Data extracted from a collection>
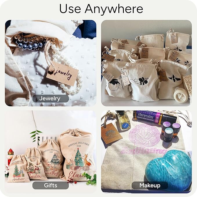 - Multipurpose Zero Waste Cloth Bags - Designed with everyday use in mind, our reusable cotton grocery bags are great bulk bin bags for toy storage, sachet bags, beach bags, and storing jewelry bags. Can also be used for culinary purposes like storing herbs or spices or straining yogurt like cheese cloth, juice, nut milk bags
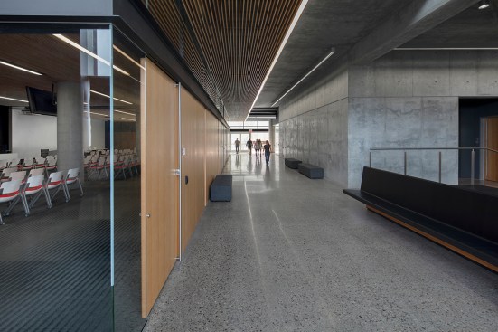 “The architecture of the Biomedical Sciences Partnership Building is similar to that of the Health Sciences Education Building in suggesting Southwestern geology through its horizontal striations and chiseled exterior,” says CO Design Principal Paul Zajfen, FAIA. “We wanted to introduce consistency and a strong sense of identity in this part of the campus by relating the two buildings.”
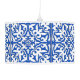 Moroccan inspired tile pattern pendant lamp with a polished, ceramic look - cobalt blue with a white background
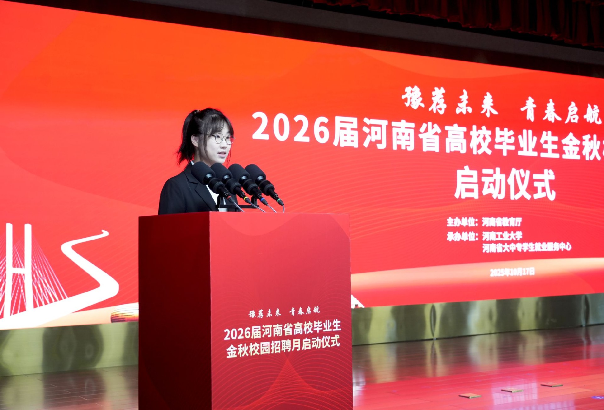 近日,2026届河南省高校毕业生金秋校园招聘月启动仪式暨秋季校园双选会在河南工业大学举办。省教育厅、省发改委、省工信厅、省人社厅、省卫健委及河南工业大学领导出席启动仪式。省大中专学生就业服务中心相关负责同志,省人才交流中心相关负责同志,部分高校就业工作分管负责同志,省级分市场牵头高校、驻郑各普通高校就业部门负责同志,部分高校就业指导教研室主任、就业骨干教师,广大用人单位、毕业生代表参加启动仪式及相关活动。启动仪式由校党委副书记黄泽峰主持。
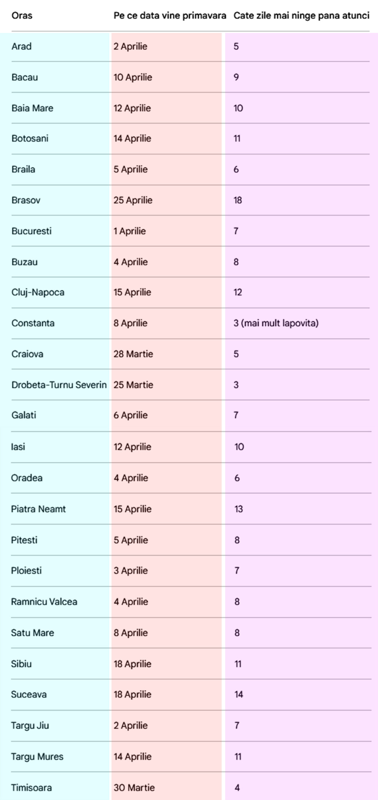 Gândul.ro a întocmit un tabel (vezi mai jos) cu 25 cele mai mari orașe din România, în ordine alfabetică. În dreptul fiecărui oraș au fost trecute două aspecte importante, și anume data la care vine primăvara și câte zile cu ninsori se vor mai înregistra în zona respectivă, până atunci. Data venirii primăverii depinde de condițiile meteorologice. Practic, atunci când nu se vor mai înregistra precipitații sub formă de ninsoare și când temperaturile vor fi mai mari de 15 grade Celsius.
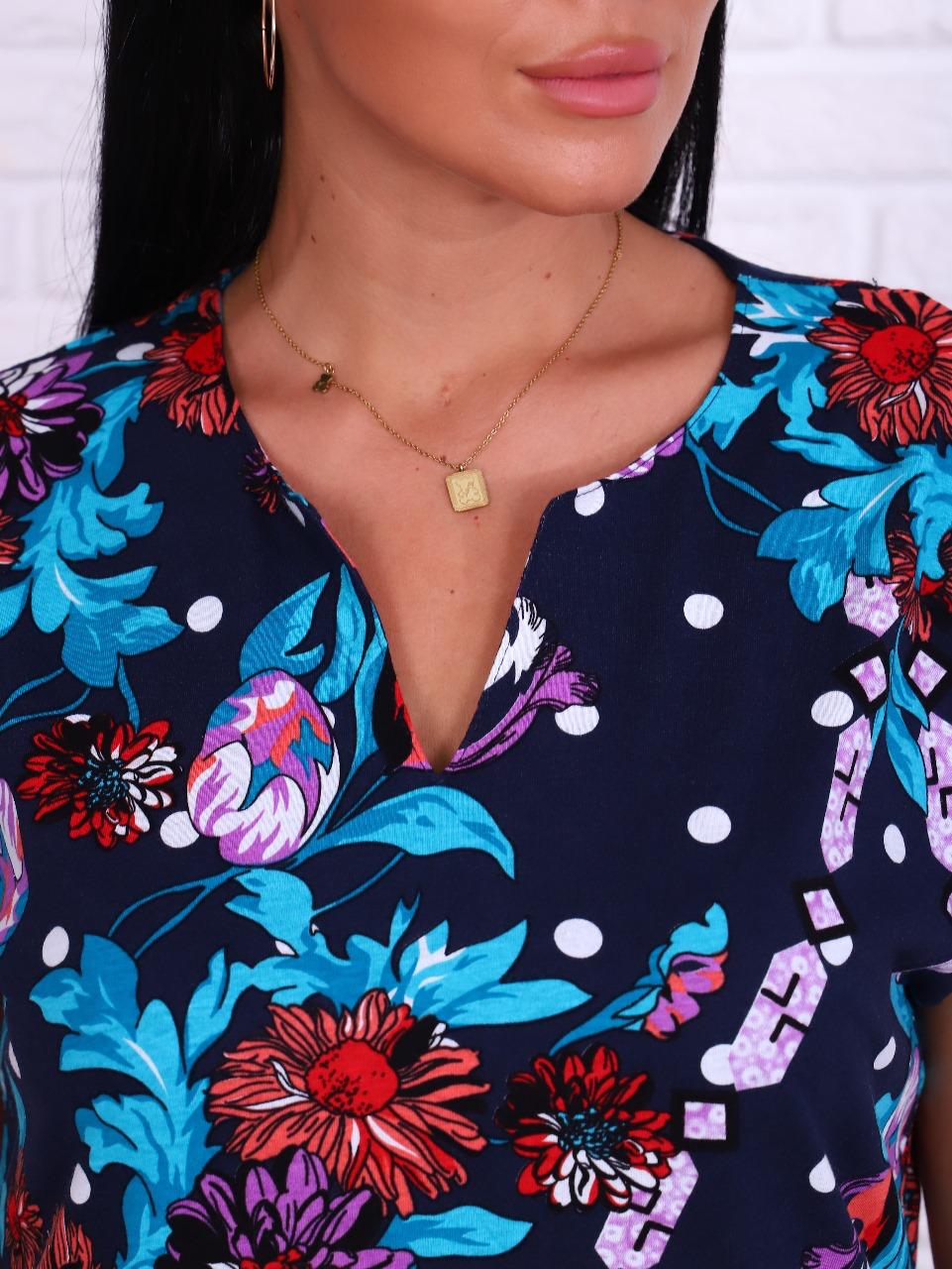 Туника женская летняя, домашняя. Прямой силуэт, карманы боковые в шве, длина ниже колена.

What is needed> Would you print, exactly as they appear, the lines from the line with "Gândul.ro a întocmit" through the end of the entries above, leaving out the pictures?

Written answer>
 Gândul.ro a întocmit un tabel (vezi mai jos) cu 25 cele mai mari orașe din România, în ordine alfabetică. În dreptul fiecărui oraș au fost trecute două aspecte importante, și anume data la care vine primăvara și câte zile cu ninsori se vor mai înregistra în zona respectivă, până atunci. Data venirii primăverii depinde de condițiile meteorologice. Practic, atunci când nu se vor mai înregistra precipitații sub formă de ninsoare și când temperaturile vor fi mai mari de 15 grade Celsius.
 Туника женская летняя, домашняя. Прямой силуэт, карманы боковые в шве, длина ниже колена.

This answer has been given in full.